The cornerstones of a viable network are trust and ubiquity, but this is no easy task. MNOs not only need to find the appropriate partners, they also need to make the ecosystem relevant to the daily lives of their users. This can be done by capturing the various financial practices that constitute daily life, and by monitoring so-called unintended uses. One of the clearest examples of this – the use of M-PESA for the safe-storage of money suggests a latent demand for particular types of services, such as savings. By capturing and integrating these practices, MNOs increase the likelihood that their ecosystem will sustainable.


There are other ways to ensure sustainability. That is, through education initiatives targeting financial literacy. In the context of the mobile ecosystems this term has several meanings. At a more basic level, it could mean providing users with information regarding the various features of the application and could also mean explaining how these features can be navigated. Such initiatives are beneficial because they take some of the burden for education away from the retail agents handling cash-in and cash-out transactions. But financial education can be taken beyond lessons of simple usability, and involve those of better money management. These projects could teach the poor how to initiate savings plans, make strategic investment decisions, or seek out credit from formal financial institutions. If done properly, they could raise financial awareness and, in some cases, have positive implications for the livelihoods of poor users.

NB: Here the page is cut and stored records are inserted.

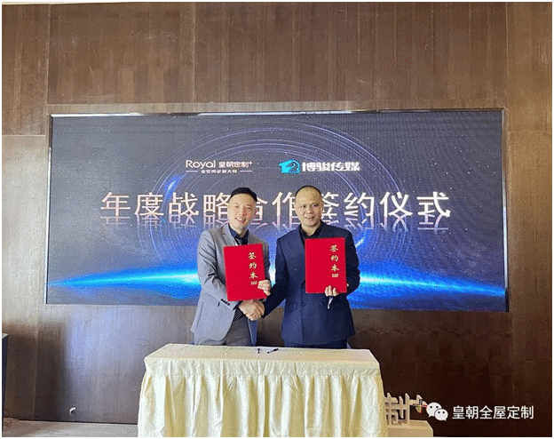 博骏文化传媒副总蒙辉老先生与皇朝定制老总陈卓老先生签署合作合同
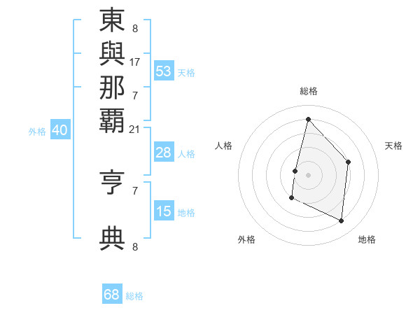 東與那覇 亨典さんを姓名の画数から五運を鑑定
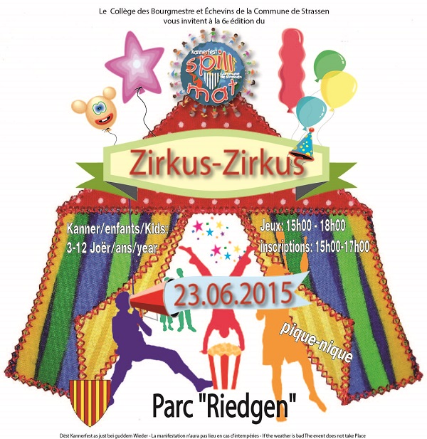 Details: The municipality of Strassen is organising a family event on Tuesday 23 June 2015 (the national holiday) with picnics, food and drink, games, workshops and circus.

Achieving a sufficient level of financial literacy is not an easy task – what to teach, and how to teach it, takes both time and money and whilst the onus of providing (consumer) education leans towards the service provider the boundaries of this responsibility are not clear. As such MNOs may not always be interested in such an investment. However by raising the level of financial and service literacy such initiatives will have substantial benefits for the MNO in the long run: on a personal level people are more willing to invest time and effort in using a wide range of services because there is a clear benefit; and within the broader society – that people are aware of the kinds of services that are available to them.

An increase in service use will not without its consequences – the integration of financial practices into the ecosystem makes them both more visible and more traceable, especially in countries where the majority of economic activity is currently informal.